MATERIAL FOR THIS EXERCISE:
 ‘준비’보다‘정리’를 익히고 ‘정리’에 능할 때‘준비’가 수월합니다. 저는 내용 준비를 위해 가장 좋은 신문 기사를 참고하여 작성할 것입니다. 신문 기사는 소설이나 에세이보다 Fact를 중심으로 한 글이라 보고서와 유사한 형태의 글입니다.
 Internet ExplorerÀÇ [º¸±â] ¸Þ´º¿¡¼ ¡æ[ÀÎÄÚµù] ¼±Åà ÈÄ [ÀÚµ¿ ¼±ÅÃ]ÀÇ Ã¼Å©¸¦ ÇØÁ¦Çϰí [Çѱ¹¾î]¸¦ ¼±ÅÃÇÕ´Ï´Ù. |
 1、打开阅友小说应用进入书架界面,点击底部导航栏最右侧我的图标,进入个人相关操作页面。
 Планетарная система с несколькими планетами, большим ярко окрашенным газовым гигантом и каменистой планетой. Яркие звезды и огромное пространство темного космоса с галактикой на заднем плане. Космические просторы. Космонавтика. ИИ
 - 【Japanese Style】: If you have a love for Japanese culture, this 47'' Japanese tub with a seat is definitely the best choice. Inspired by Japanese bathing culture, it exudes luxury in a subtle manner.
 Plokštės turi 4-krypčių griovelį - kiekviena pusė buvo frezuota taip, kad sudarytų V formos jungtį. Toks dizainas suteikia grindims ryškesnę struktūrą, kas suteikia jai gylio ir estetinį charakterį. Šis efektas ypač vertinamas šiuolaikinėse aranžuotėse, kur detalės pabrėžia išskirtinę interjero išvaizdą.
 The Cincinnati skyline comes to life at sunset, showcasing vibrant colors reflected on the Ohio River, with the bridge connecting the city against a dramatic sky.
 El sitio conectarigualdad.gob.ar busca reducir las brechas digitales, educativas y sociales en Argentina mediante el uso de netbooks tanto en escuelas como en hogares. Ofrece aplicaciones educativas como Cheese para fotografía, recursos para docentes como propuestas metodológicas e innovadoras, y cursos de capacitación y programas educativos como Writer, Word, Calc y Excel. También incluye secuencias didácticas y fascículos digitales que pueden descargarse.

--

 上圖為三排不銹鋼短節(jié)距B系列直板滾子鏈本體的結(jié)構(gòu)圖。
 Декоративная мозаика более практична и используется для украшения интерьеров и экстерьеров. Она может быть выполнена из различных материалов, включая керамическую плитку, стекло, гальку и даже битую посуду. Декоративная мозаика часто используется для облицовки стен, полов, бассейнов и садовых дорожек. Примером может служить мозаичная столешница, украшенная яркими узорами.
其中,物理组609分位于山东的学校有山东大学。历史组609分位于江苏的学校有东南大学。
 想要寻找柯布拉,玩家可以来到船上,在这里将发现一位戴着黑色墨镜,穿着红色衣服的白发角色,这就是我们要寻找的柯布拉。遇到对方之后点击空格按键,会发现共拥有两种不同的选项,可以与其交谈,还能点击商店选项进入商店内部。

---

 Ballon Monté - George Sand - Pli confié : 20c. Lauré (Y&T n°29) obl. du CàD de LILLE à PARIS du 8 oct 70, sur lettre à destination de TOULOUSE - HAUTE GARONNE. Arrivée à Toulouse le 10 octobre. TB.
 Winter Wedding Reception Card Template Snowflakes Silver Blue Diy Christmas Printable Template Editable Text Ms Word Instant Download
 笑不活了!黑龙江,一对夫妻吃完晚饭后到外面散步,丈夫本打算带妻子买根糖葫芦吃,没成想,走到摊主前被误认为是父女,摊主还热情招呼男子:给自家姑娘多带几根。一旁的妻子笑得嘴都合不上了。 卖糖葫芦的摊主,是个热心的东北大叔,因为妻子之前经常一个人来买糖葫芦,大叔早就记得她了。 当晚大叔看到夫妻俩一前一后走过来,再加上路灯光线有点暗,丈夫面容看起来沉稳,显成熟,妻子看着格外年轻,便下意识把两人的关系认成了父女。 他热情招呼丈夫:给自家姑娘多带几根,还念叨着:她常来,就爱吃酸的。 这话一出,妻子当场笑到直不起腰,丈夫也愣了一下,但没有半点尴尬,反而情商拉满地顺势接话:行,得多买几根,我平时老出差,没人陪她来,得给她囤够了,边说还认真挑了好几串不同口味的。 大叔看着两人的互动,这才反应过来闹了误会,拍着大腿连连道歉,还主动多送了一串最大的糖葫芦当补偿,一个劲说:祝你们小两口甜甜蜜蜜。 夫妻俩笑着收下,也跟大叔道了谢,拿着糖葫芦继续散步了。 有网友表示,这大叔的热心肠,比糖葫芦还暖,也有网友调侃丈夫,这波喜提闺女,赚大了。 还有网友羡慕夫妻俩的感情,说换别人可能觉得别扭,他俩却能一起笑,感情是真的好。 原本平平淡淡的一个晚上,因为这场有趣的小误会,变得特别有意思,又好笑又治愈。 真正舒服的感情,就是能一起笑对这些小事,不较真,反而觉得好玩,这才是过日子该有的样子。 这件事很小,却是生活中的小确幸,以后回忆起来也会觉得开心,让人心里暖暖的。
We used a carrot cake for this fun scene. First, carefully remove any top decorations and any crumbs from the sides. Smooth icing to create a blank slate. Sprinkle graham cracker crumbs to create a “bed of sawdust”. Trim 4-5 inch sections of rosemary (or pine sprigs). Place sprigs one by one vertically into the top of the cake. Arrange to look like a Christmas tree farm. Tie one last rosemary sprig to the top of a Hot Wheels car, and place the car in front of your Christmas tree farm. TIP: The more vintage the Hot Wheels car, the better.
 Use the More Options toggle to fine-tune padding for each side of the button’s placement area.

WHAT NEEDS TO BE DONE: Reproduce each line of the entries in which the word "with" is found.

FINISHED TASK:
 - 【Japanese Style】: If you have a love for Japanese culture, this 47'' Japanese tub with a seat is definitely the best choice. Inspired by Japanese bathing culture, it exudes luxury in a subtle manner.
 The Cincinnati skyline comes to life at sunset, showcasing vibrant colors reflected on the Ohio River, with the bridge connecting the city against a dramatic sky.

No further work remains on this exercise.